Departments of Medical Oncology and Pathology; Johns Hopkins University; Baltimore, MD USA; Department of Medicine; Division of Clinical Pharmacology; Johns Hopkins University; Baltimore, MD USA.
Department of Surgery; Division of Surgical Research; The Jefferson Pancreas, Biliary, and Related Cancer Center; Jefferson Medical College; Thomas Jefferson University; Philadelphia, PA USA.
Cancer Biol Ther. 2014 Jun 1;15(6):688-98. doi: 10.4161/cbt.28413. Epub 2014 Mar 11.

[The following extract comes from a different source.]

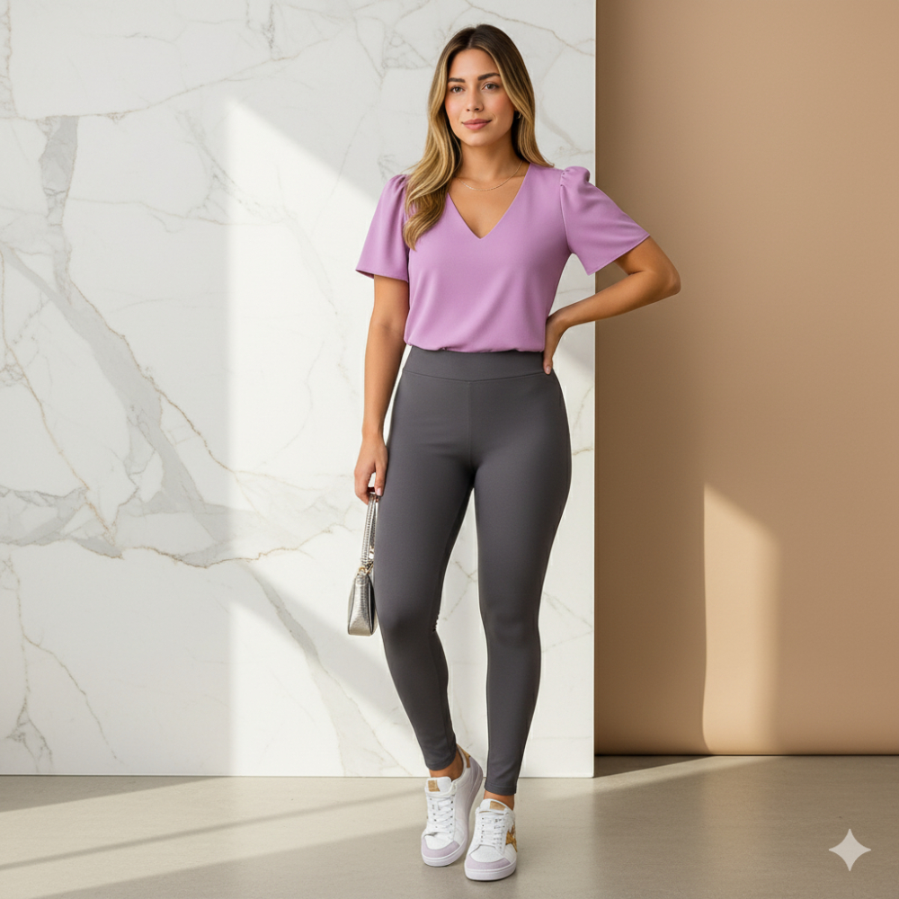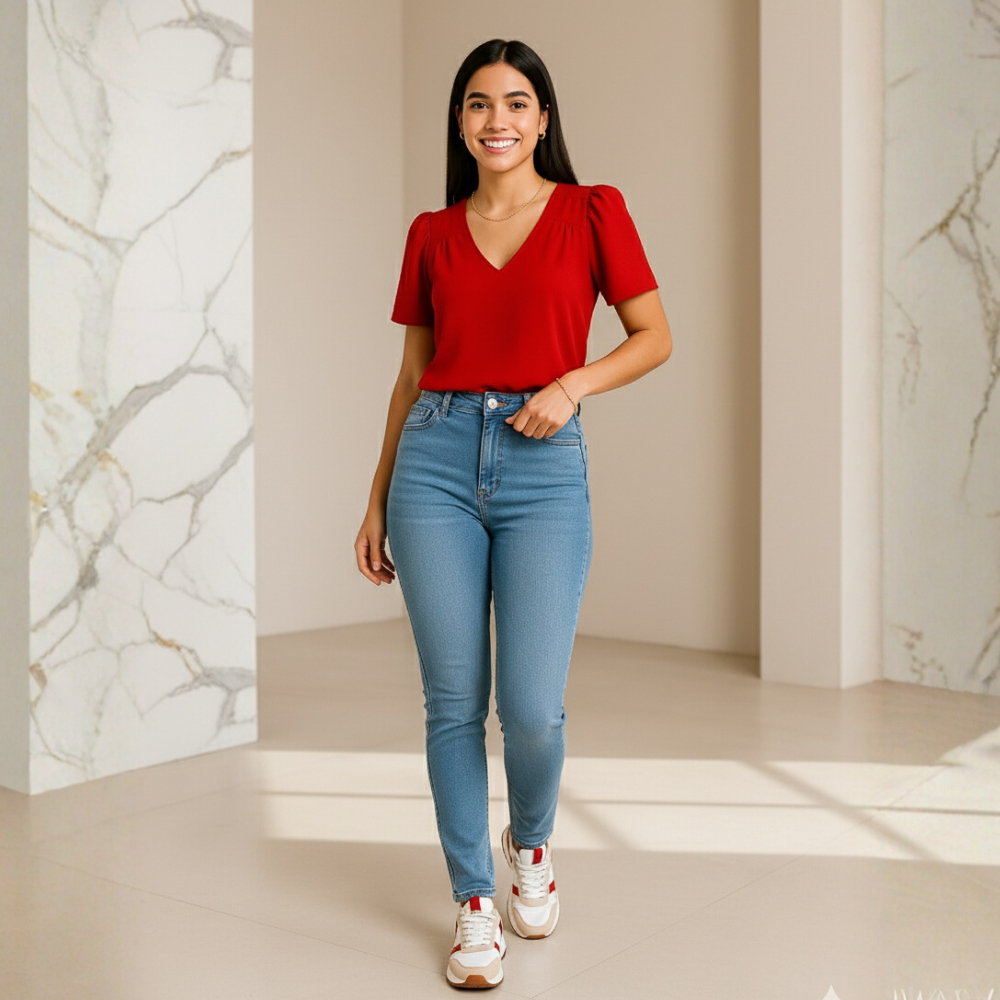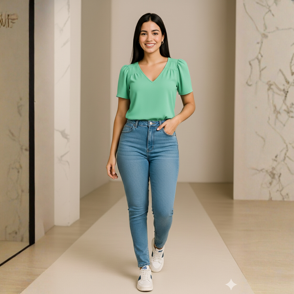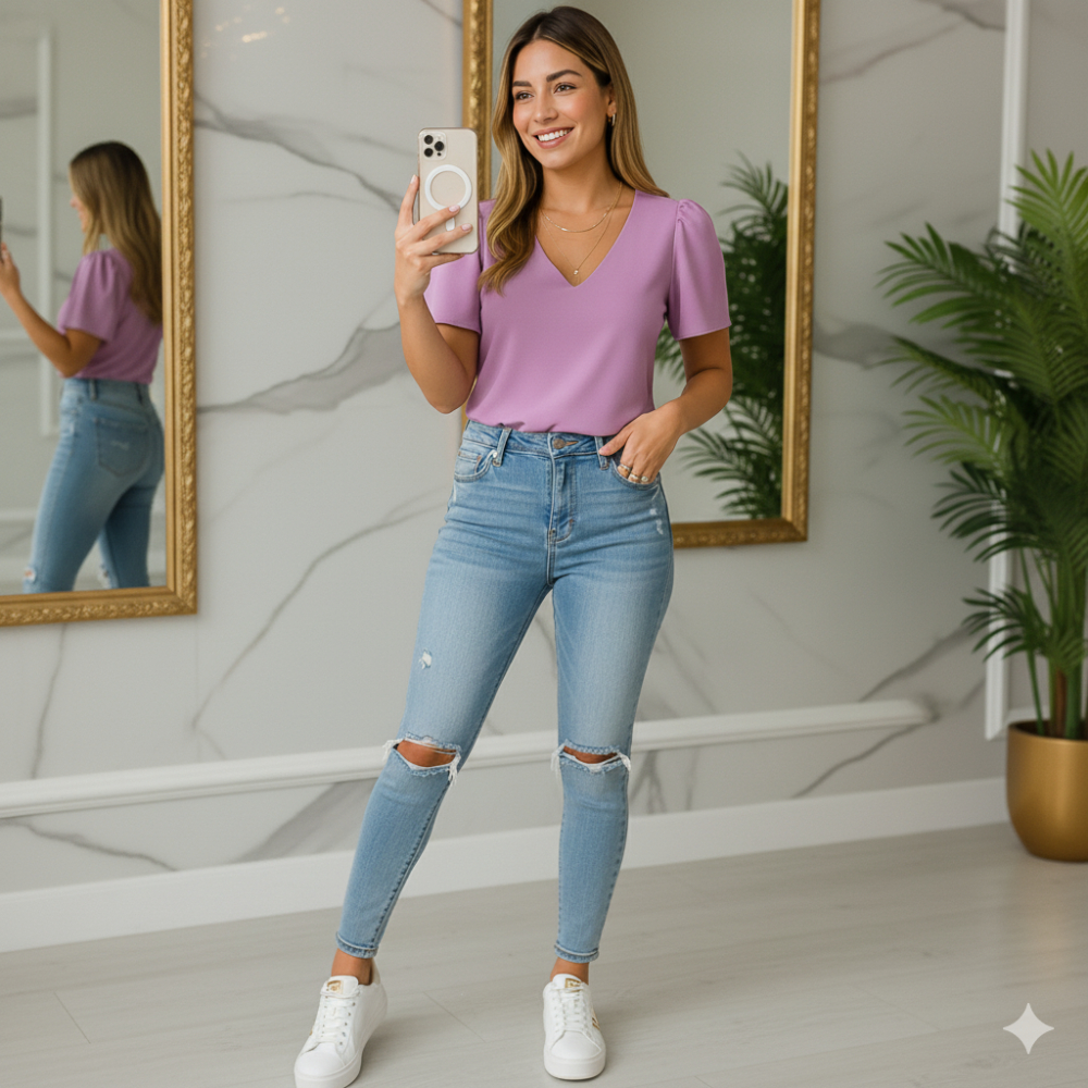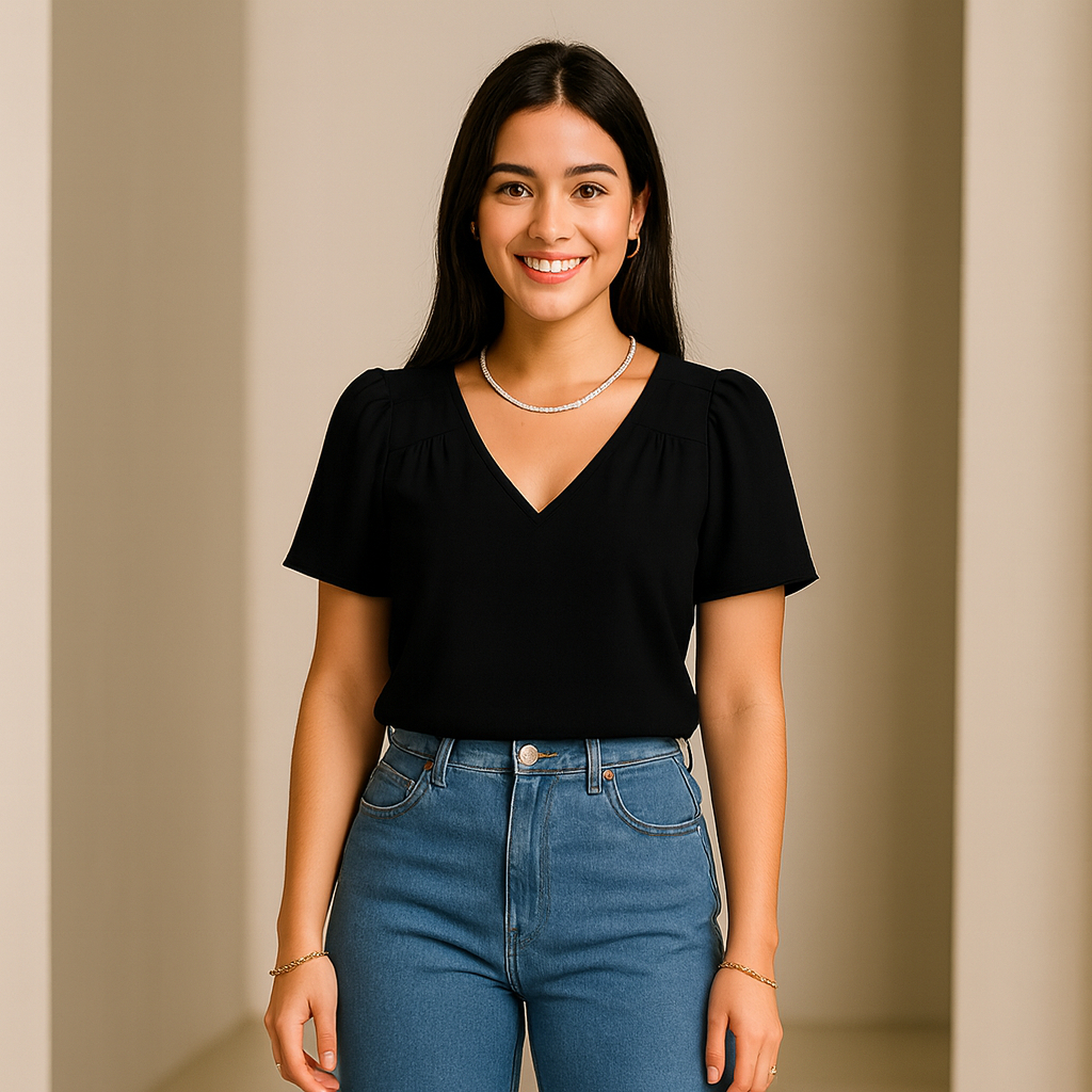 Blusa Feminina Crepinho Básica Gola V Manga Curta Moda Casual Social Elegante.

Deoxycytidine kinase (dCK) and human antigen R (HuR) have been associated with response to gemcitabine in small studies. The present study investigates the prognostic and predictive value of dCK and HuR expression levels for sensitivity to gemcitabine and 5-fluorouracil (5-FU) in a large phase III adjuvant trial with chemoradiation backbone in pancreatic ductal adenocarcinoma (PDA). The dCK and HuR expression levels were determined by immunohistochemistry on a tissue microarray of 165 resected PDAs from the Radiation Therapy Oncology Group (RTOG) 9704 trial. Association with overall survival (OS) and disease-free survival (DFS) status were analyzed using the log-rank test and the Cox proportional hazards model. Experiments with cultured PDA cells were performed to explore mechanisms linking dCK and HuR expression to drug sensitivity. dCK expression levels were associated with improved OS for all patients analyzed from RTOG 9704 (HR: 0.66, 95% CI [0.47-0.93], P = 0.015). In a subset analysis based on treatment arm, the effect was restricted to patients receiving 5-FU (HR: 0.53, 95% CI [0.33-0.85], P = 0.0078). Studies in cultured cells confirmed that dCK expression rendered cells more sensitive to 5-FU. HuR cytoplasmic expression was neither prognostic nor predictive of treatment response. Previous studies along with drug sensitivity and biochemical studies demonstrate that radiation interferes with HuR's regulatory effects on dCK, and could account for the negative findings herein based on the clinical study design (i.e., inclusion of radiation). Finally, we demonstrate that 5-FU can increase HuR function by enhancing HuR translocation from the nucleus to the cytoplasm, similar to the effect of gemcitabine in PDA cells. For the first time, in the pre-treatment tumor samples, dCK and HuR cytoplasmic expression were strongly correlated (chi-square P = 0.015). This dual-institutional follow up study, in a multi-institutional PDA randomized clinical trial, observed that dCK expression levels were prognostic and had predictive value for sensitivity to 5-FU.
脱氧胞苷激酶 (dCK) 和人抗原 R (HuR) 在小型研究中与吉西他滨反应相关。本研究调查了 dCK 和 HuR 表达水平对大型 III 期辅助化疗联合放化疗的胰腺导管腺癌 (PDA) 患者吉西他滨和 5-氟尿嘧啶 (5-FU) 敏感性的预后和预测价值。在 RTOG 9704 试验的组织微阵列上,通过免疫组织化学法测定 165 例 RTOG 9704 试验切除的 PDAs 的 dCK 和 HuR 表达水平。使用对数秩检验和 Cox 比例风险模型分析与总生存期 (OS) 和无病生存期 (DFS) 状态的相关性。进行了培养的 PDA 细胞实验,以探讨将 dCK 和 HuR 表达与药物敏感性联系起来的机制。从 RTOG 9704 分析的所有患者中,dCK 表达水平与 OS 改善相关 (HR:0.66,95%CI[0.47-0.93],P=0.015)。基于治疗臂的亚组分析,这种作用仅限于接受 5-FU 的患者 (HR:0.53,95%CI[0.33-0.85],P=0.0078)。培养细胞的研究证实,dCK 表达使细胞对 5-FU 更敏感。HuR 细胞质表达既不是预后指标,也不是治疗反应的预测指标。先前的研究以及药物敏感性和生化研究表明,放射干扰 HuR 对 dCK 的调节作用,并且基于临床研究设计 (即包括放射治疗),可以解释这里的阴性结果。最后,我们证明 5-FU 可以通过增强 HuR 从核到细胞质的易位来增强 HuR 的功能,这类似于吉西他滨在 PDA 细胞中的作用。首次在治疗前肿瘤样本中,dCK 和 HuR 细胞质表达呈强相关性 (卡方 P=0.015)。这项在多机构 PDA 随机临床试验中的双重机构随访研究观察到,dCK 表达水平与 5-FU 敏感性的预后和预测价值相关。